Evergreen Marine posts third straight loss on container rates

By YU-HUAY SUN
September 1, 2009, 3:07pm

Sept. 1 (Bloomberg) – Evergreen Marine Corp., Asia’s biggest container line, posted a third straight quarterly loss as slumping world trade hammered shipping rates.

The NT$1.98 billion ($60 million) net loss in the three months ended June compared with a profit of NT$829 million a year earlier. The number was derived from first-half results announced by the Taipei-based company today. The figure beat the median estimate for a NT$3.39 billion loss in a survey of five analysts.

Evergreen, Hanjin Shipping Co. and China Shipping Container Lines Co. have slumped to losses this year as U.S. and European consumers cut spending on Asian-made goods because of job concerns. At the same time, the global container fleet will likely expand 9.8 percent in 2009, according to data provider AXS-Alphaliner, as shipyards deliver vessels ordered during a trade boom that ended last year.
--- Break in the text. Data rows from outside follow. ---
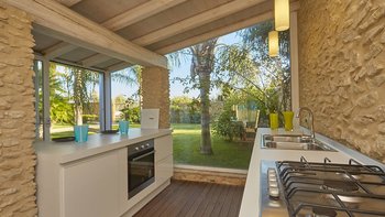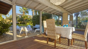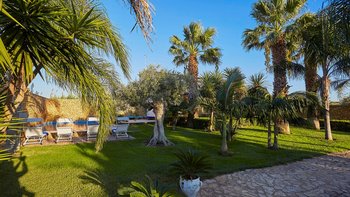 Von der Terrasse gelangen Sie zum herrlichen Privater Pool und zum Terrassenbereich mit Liegestühlen. Der hübsche Garten mit Rasen und schattenspendenden Palmen führt zum Nebengebäude, das aus einem offenen OFFENER GRUNDRISS mit Küche, zwei Schlafzimmern und Duschbad besteht. Dessen Nebengebäude ist wunderbar hell und hell, mit großen Panoramafenstern und Schiebetüren mit Blick auf die Gärten. Marinella di Selinute mit seinen Geschäften und Restaurants ist nur 1 km von der Unterkunft entfernt, und der nächste Sandstrand ist nur ein wenig weiter.
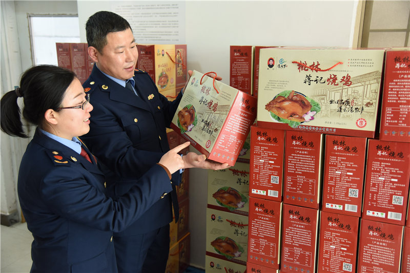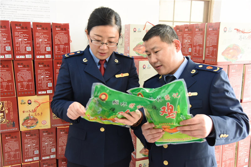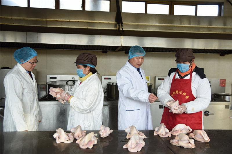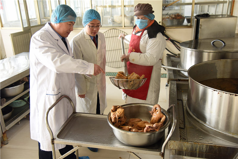 東??h市場監(jiān)管局行政執(zhí)法人員正在對鹵肉食品年貨進行質(zhì)量把關(guān)。(張正友 攝)
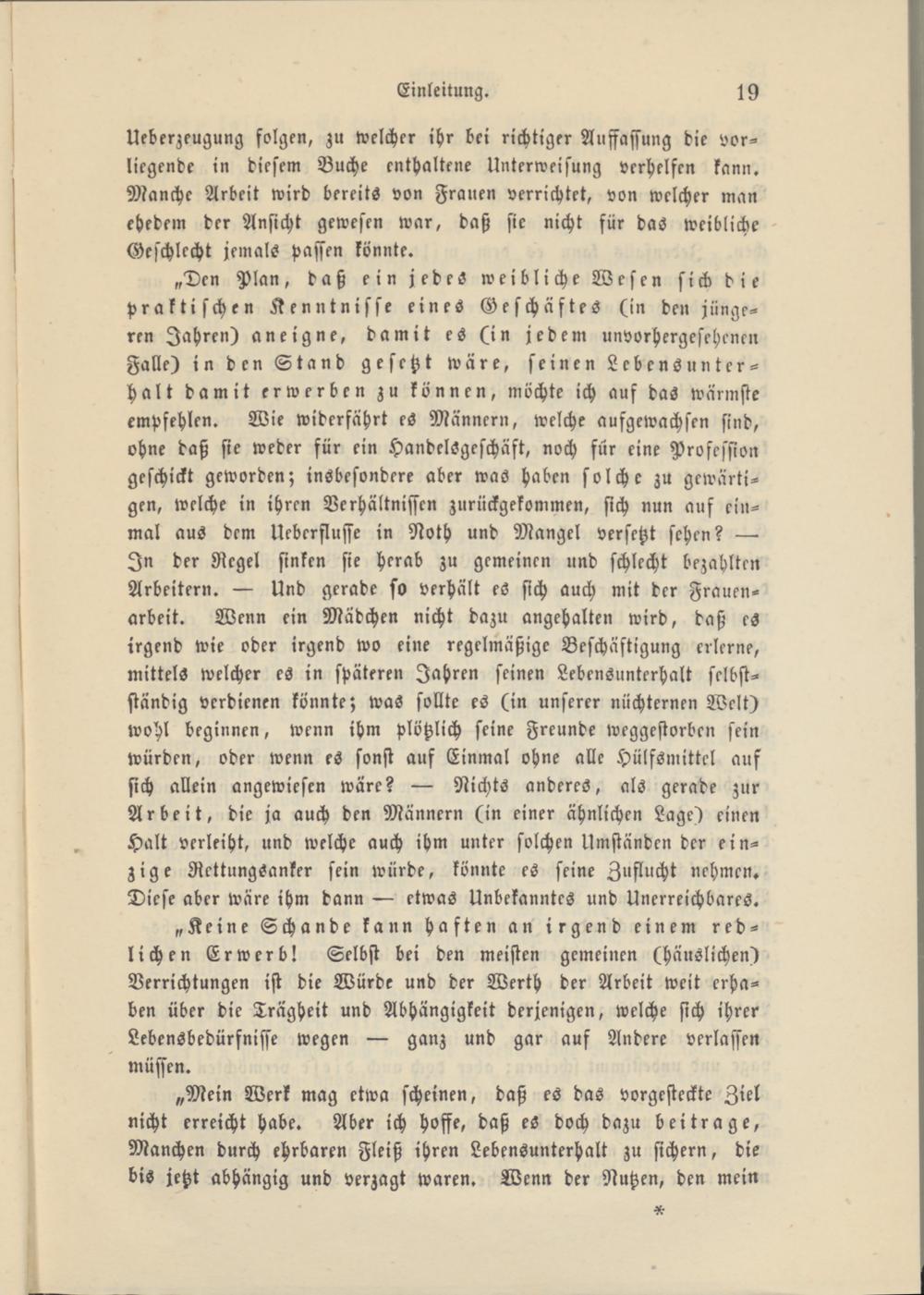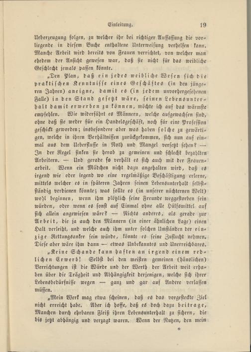 „Den Plan, daß ein jedes weibliche Wesen sick die praktischen Kenntnisse eines Geschäftes (in den jüngeren Jahren) aneigne, damit es (in jedem unvorhergesehenen Falle) in den Stand gesetzt wäre, seinen Lebensunterhalt damit erwerben zu können, möchte ich auf das wärmste empfehlen. Wie widerfährt es Männern, welche aufgewachsen sind, ohne daß sie weder für ein Handelsgeschäft, noch für eine Profession geschickt geworden; insbesondere aber was haben solche zu gewärtigen, welche in ihren Verhältnissen zurückgekommen, sich nun auf einmal aus dem Uebcrflusse in Noth und Mangel versetzt sehen? — In der Regel sinken sie herab zu gemeinen und schlecht bezahlten Arbeitern. — Und gerade so verhält eS sich auch mit der Frauenarbeit. Wenn ein Mädchen nicht dazu angehalten wird, daß es irgend wie oder irgend wo eine regelmäßige Beschäftigung erlerne, mittels welcher es in späteren Jahren seinen Lebensunterhalt selbst- ständig verdienen könnte; was sollte es (in unserer nüchternen Welt) wohl beginnen, wenn ihm plötzlich seine Freunde weggestorben sein würden, oder wenn es sonst auf Einmal ohne alle Hülfsmittel auf sich allein angewiesen wäre? — Nichts anderes, als gerade zur Arbeit, die ja auch den Männern (in einer ähnlichen Lage) einen Halt verleiht, und welche auch ihm unter solchen Umständen der einzige Rettungsanker sein würde, könnte es seine Zuflucht nehmen. Diese aber wäre ihm dann — etwas Unbekanntes und Unerreichbares.
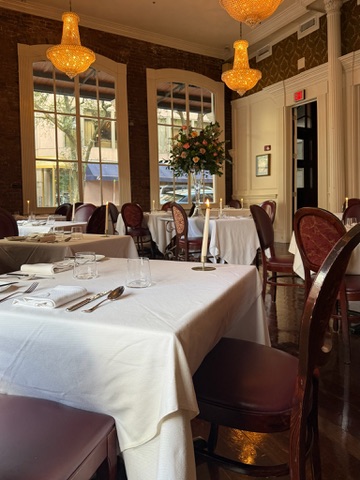 Inside, we ordered the four-course menu and selected from three choices for each course. Neither French nor Southern cuisine is normally at the top of our list, so we approached the meal with a spirit of adventure. The service was impeccable. Some courses delighted us more than others, but the beef, duck, shrimp, and strawberry shortcake were genuinely exceptional. Even when a dish wasn’t exactly our style, it was fascinating to see the creativity behind it. Dining there felt a little like attending a culinary concert.
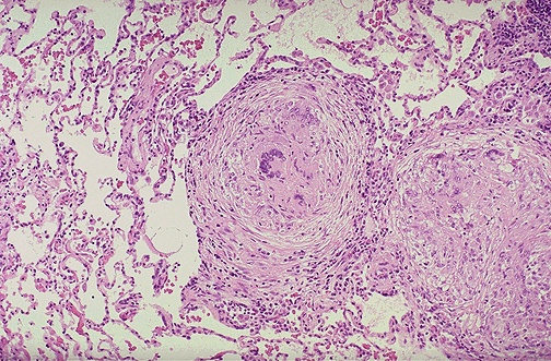 | Well-defined granulomas are seen here. They have rounded outlines. The one toward the center of the photograph contains several Langhans giant cells. Granulomas are composed of transformed macrophages called epithelioid cells along with lymphocytes, occasional PMN's, plasma cells, and fibroblasts. The localized, small appearance of these granulomas suggests that the immune response is fairly good. |
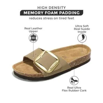 Show moreStep into ultimate comfort and style with the Project Cloud Genuine Leather Sandals, your perfect summer companions. Crafted with a luxurious 100% leather upper and a genuine suede insole, these sandals ensure durability while cradling your feet in unmatched comfort. The innovative natural cork footbed molds to the unique shape of your feet, promoting an effortless fit for all-day wear. Whether you're running errands or enjoying a day at the beach, these sandals provide the support and elegance you need to take on any occasion with confidence.
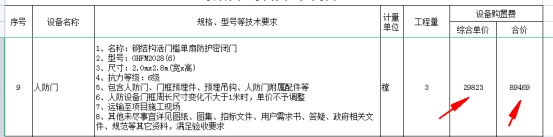 “合肥市轨道交通6号线一期、7号线一期、8号线一期工程人防防护设备采购及安装2标段-设备购置费”单位工程工程量清单第9项,综合单价由8616元调整为29823元。具体修改如下:
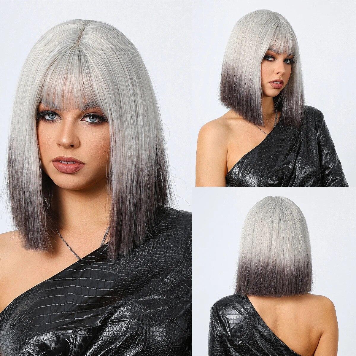 BLONDE UNICORN Kurze gerade Perücken, weiß, grau, Bob-Perücke mit Pony, natürliches Damen-Kunsthaar, tägliche Party, Weihnachten, synthetische Perücke, hohe Temperatur
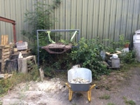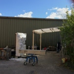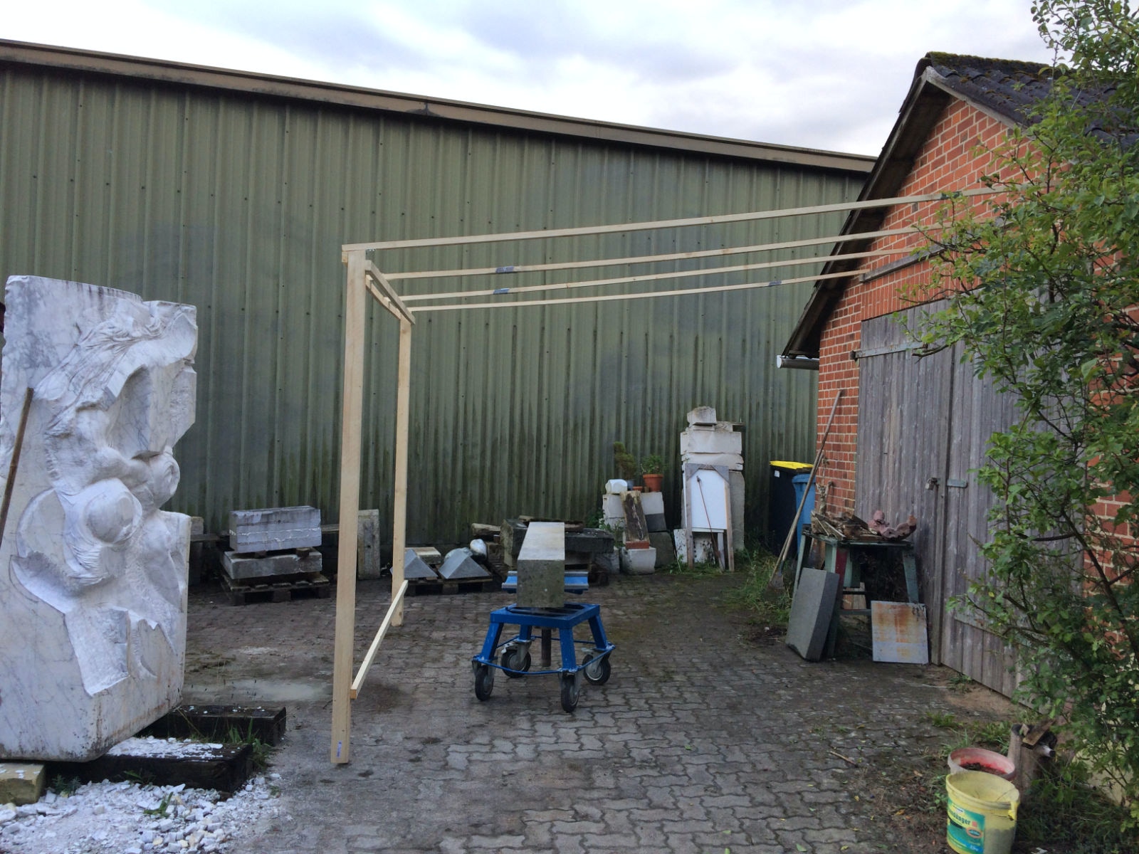 Heute beginnt die Arbeit am Projekt und der erste Tag ist profan ausgedrückt der Tag an dem der Arbeitsplatz eingerichtet wird. Altlasten müssen umstrukturiert werden. Leider ändert sich das Ambiente dabei nicht immer zum Positiven. Tatsache ist aber, der Platz sollte überdacht sein, da wir nun im September gelegentlich auch mit Regen zu rechnen haben. Da auch dann die Arbeit an der Skulptur weitergehen soll, nun dieser Umbau.
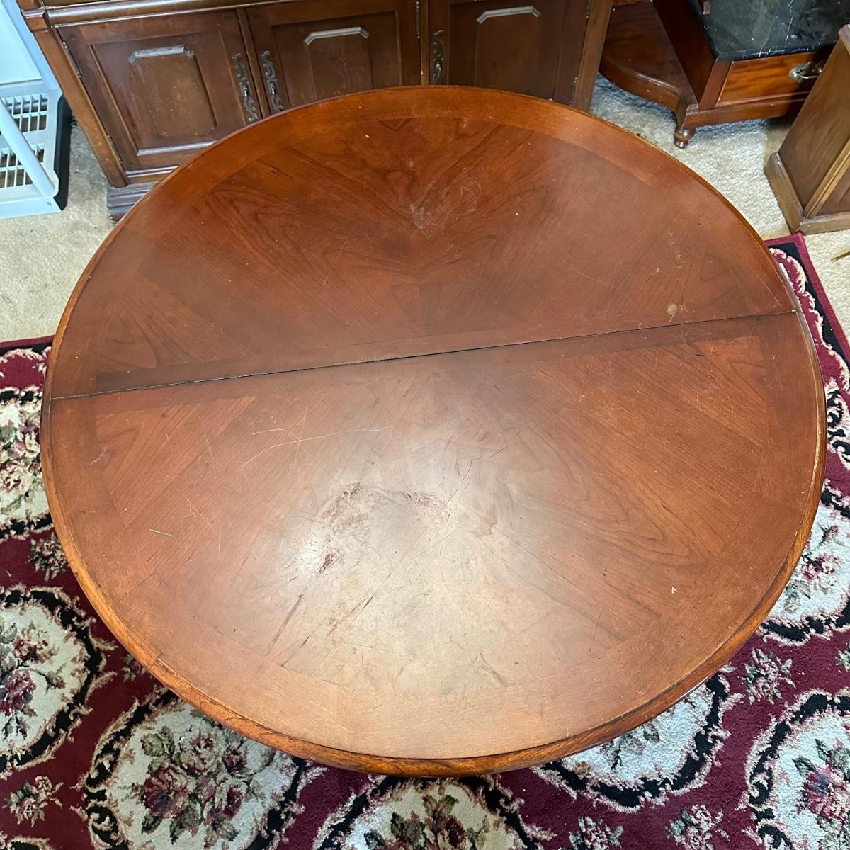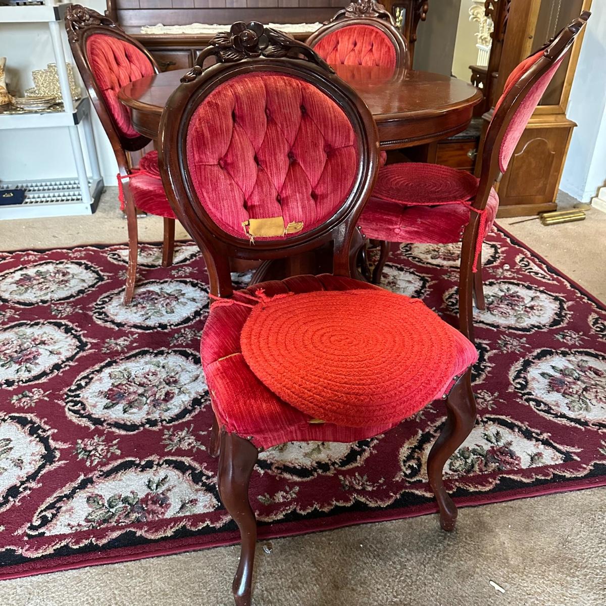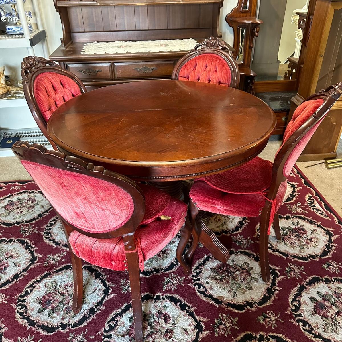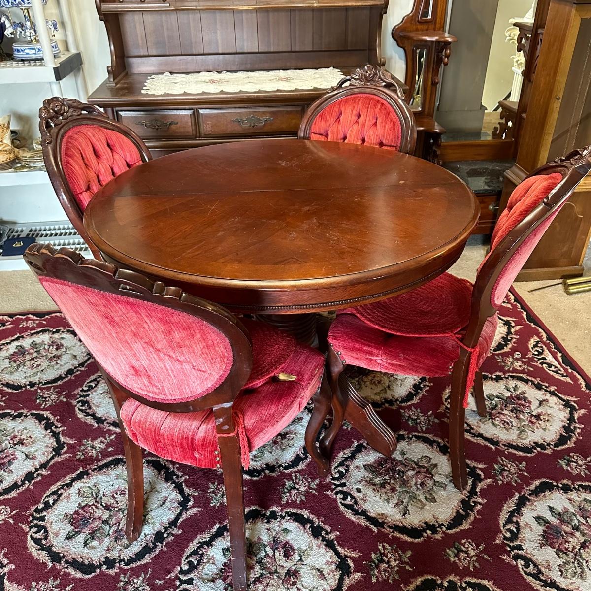 LOT 140L: Round Top Victorian Dining Table w/ Chairs & Leaf
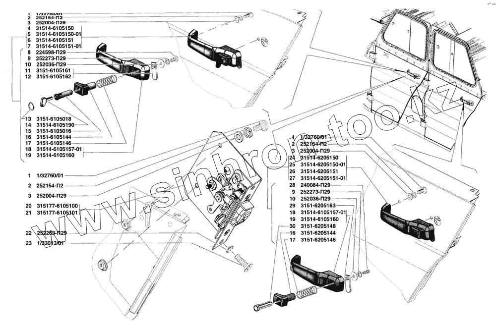 Каталог запасных частей к технике: УАЗ-31519. Замок и ручки передней и задней дверей
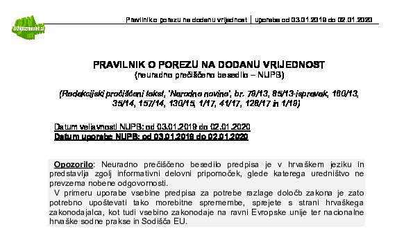 HRVAŠKA - Pravilnik o porezu na dodanu vrijednost 12.04.2025 08.05.2025
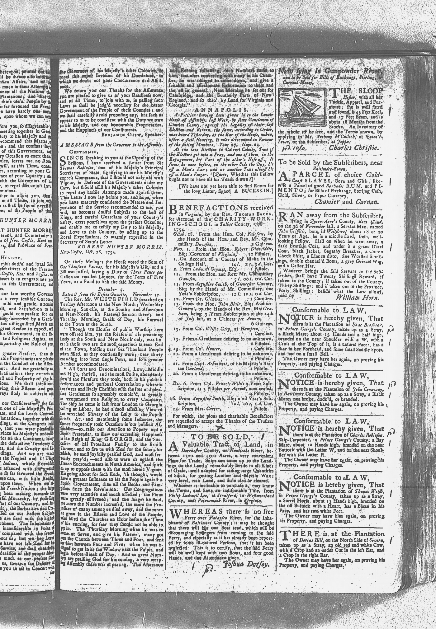 Maryland Gazette Collection MSA SC 2731 January 2, 1752 - October 19, 1758 M 1279 A Publication of the Archives of Maryland Online Image No: 626 Enlarge and print image (3M) |
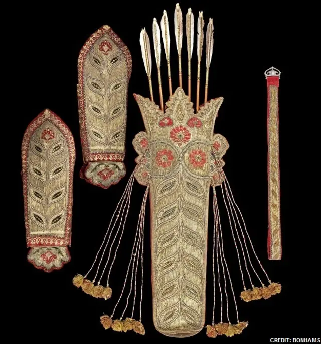 नीलाम घर बॉनहैम्स ने मंगलवार को टीपू सुल्तान से जुड़ी चीज़ें नीलाम कीं, जिनमें रत्न जड़ित मूठ वाली तलवारें, नक्काशीदार तरकश, खूबसूरत लोहे के टोप, बंदूकें, निशानेबाज़ी में काम आने वाली बंदूकें, पिस्टल, कांसे की तोपे भी हैं.

“There’s just too many new ships coming,” said Stone Lin, a Taipei-based analyst at Yuanta Securities Co., who has a “sell” rating on Evergreen. “Overcapacity will continue to be a problem next year.”

Evergreen’s second-quarter sales plunged 28 percent to NT$4.09 billion, according to monthly filings to the Taiwan Stock Exchange. Revenue from affiliates and subsidiaries is counted separately. The group operates about 170 ships with a combined capacity of 615,000 standard 20-foot boxes.

The shipping line fell 0.5 percent to close at NT$19.9 in Taiwan Stock Exchange trading today, before the announcement. The stock has climbed 29 percent this year, compared with the 49 percent gain in the benchmark Taiex stock index.

First-Half Loss For the first half, Evergreen Marine posted a loss of NT$4.71 billion, compared with a profit of NT$1.2 billion a year earlier, the company said in a Stock Exchange filing today.

Evergreen and 13 other shipping lines agreed to attempt to renegotiate Asia-U.S. shipping contracts to include higher rates from earlier this month in a bid to pare losses. Average revenue per forty-foot container sank as much as $1,200 from October to May on the route, according to the Transpacific Stabilization Agreement, which represents the lines.

Container lines have also mothballed ships and combined routes to cut capacity in an attempt to increase rates. Global trade may shrink 10 percent this year, the most since World War II, according to the World Trade Organization.